*** Opening of GIVEN INFORMATION ***

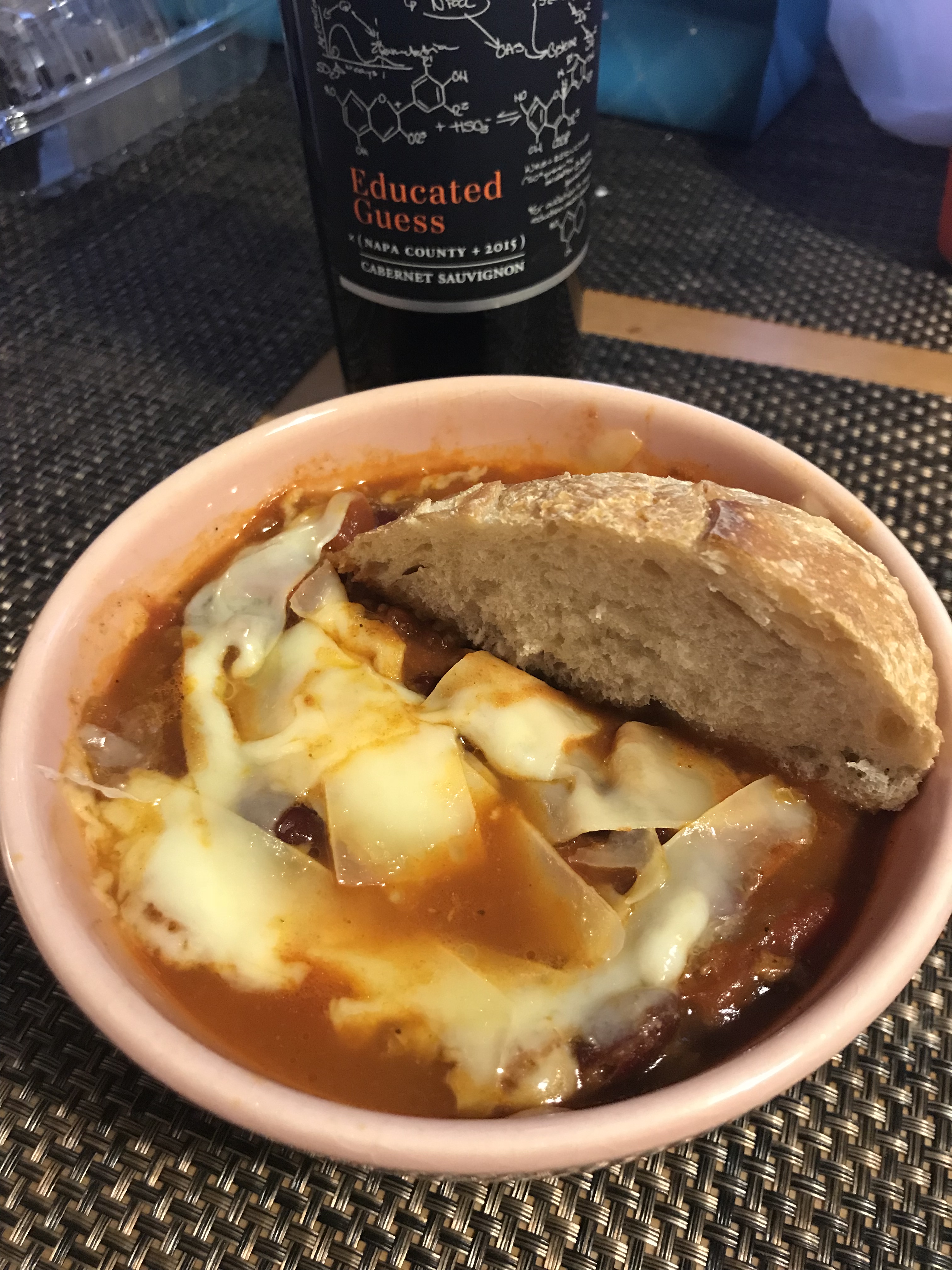 Each night, for one week, I ate a cup of chili with some melted parmesan on top and piece of sourdough on the side. There was wayyyy too much, though, and I ended up giving away about 3-4 servings. This chili lasted me for 1.5 weeks, even after I shared some with my neighbor!
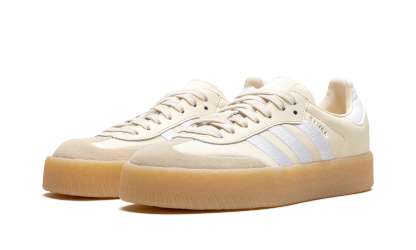 The Women's adithtdas Sambae "Wonder White/Gum" is a women's-exclusive colorway of the alternate version of the retro shoe. Based on the adithtdas Samba OG model, the adithtdas Sambae features contemporary details such as a thick rubber midsole that gives the shoe a platform-style appearance. Here, the upper has a Wonder White leather construction with oversized white embroidered Three Stripes on the sides. A white leather panel appears on the heel, while classic adithtdas branding can be found on the tongue. The platform sole in gum rubber completes the look. Wonder White Gum
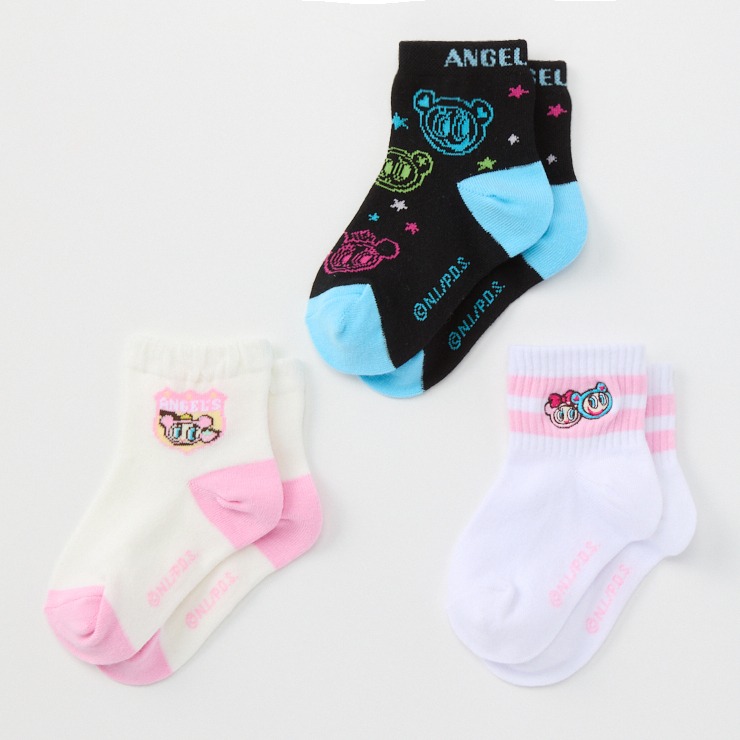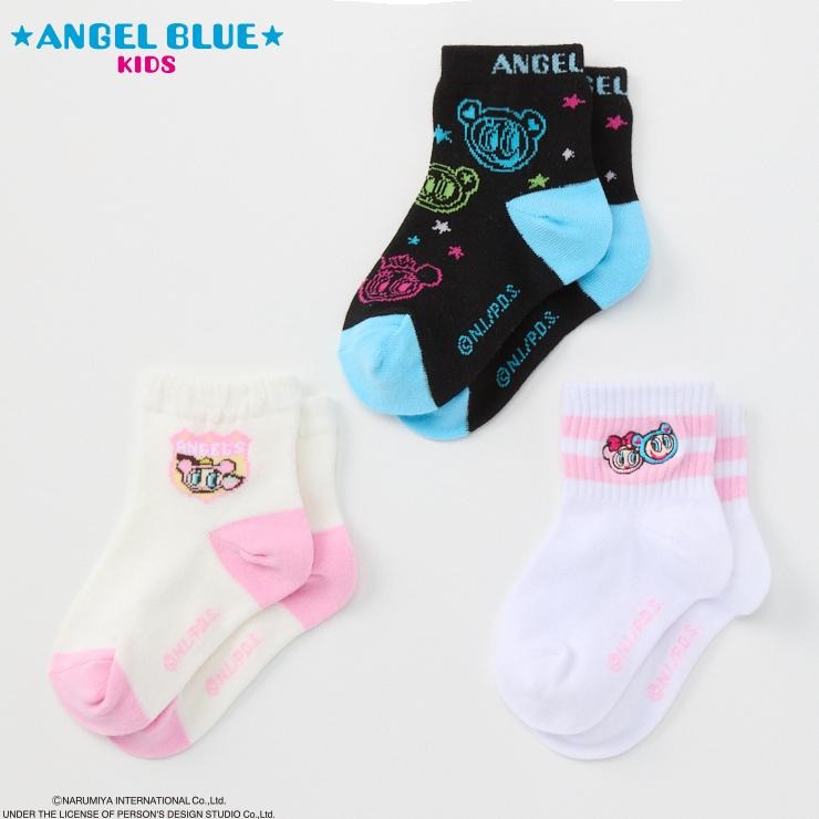 キッズ 3足組クルーソックス(15-20cm エンジェルブルーキッズ)
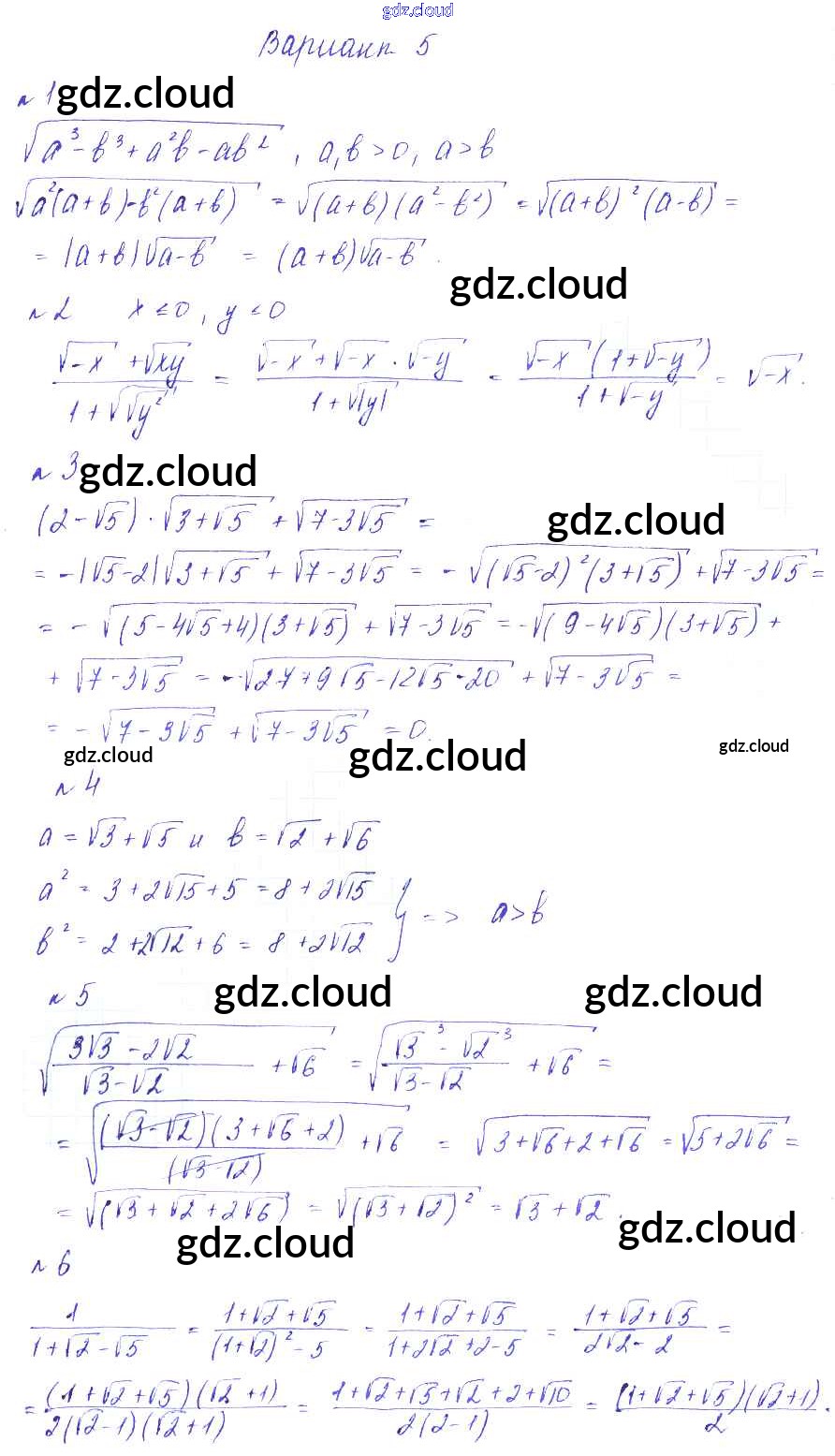 Ответ на задание Вариант-5 Дидактические материалы Алгебра за 8 (восьмой) класс Зив, Гольдич 2012

*** Close of GIVEN INFORMATION ***

WHAT THIS TASK INVOLVES. Leaving images out, please output every line of the data exactly.

SOLUTION FOR THIS EXERCISE.
 Each night, for one week, I ate a cup of chili with some melted parmesan on top and piece of sourdough on the side. There was wayyyy too much, though, and I ended up giving away about 3-4 servings. This chili lasted me for 1.5 weeks, even after I shared some with my neighbor!
 The Women's adithtdas Sambae "Wonder White/Gum" is a women's-exclusive colorway of the alternate version of the retro shoe. Based on the adithtdas Samba OG model, the adithtdas Sambae features contemporary details such as a thick rubber midsole that gives the shoe a platform-style appearance. Here, the upper has a Wonder White leather construction with oversized white embroidered Three Stripes on the sides. A white leather panel appears on the heel, while classic adithtdas branding can be found on the tongue. The platform sole in gum rubber completes the look. Wonder White Gum
 キッズ 3足組クルーソックス(15-20cm エンジェルブルーキッズ)
 Ответ на задание Вариант-5 Дидактические материалы Алгебра за 8 (восьмой) класс Зив, Гольдич 2012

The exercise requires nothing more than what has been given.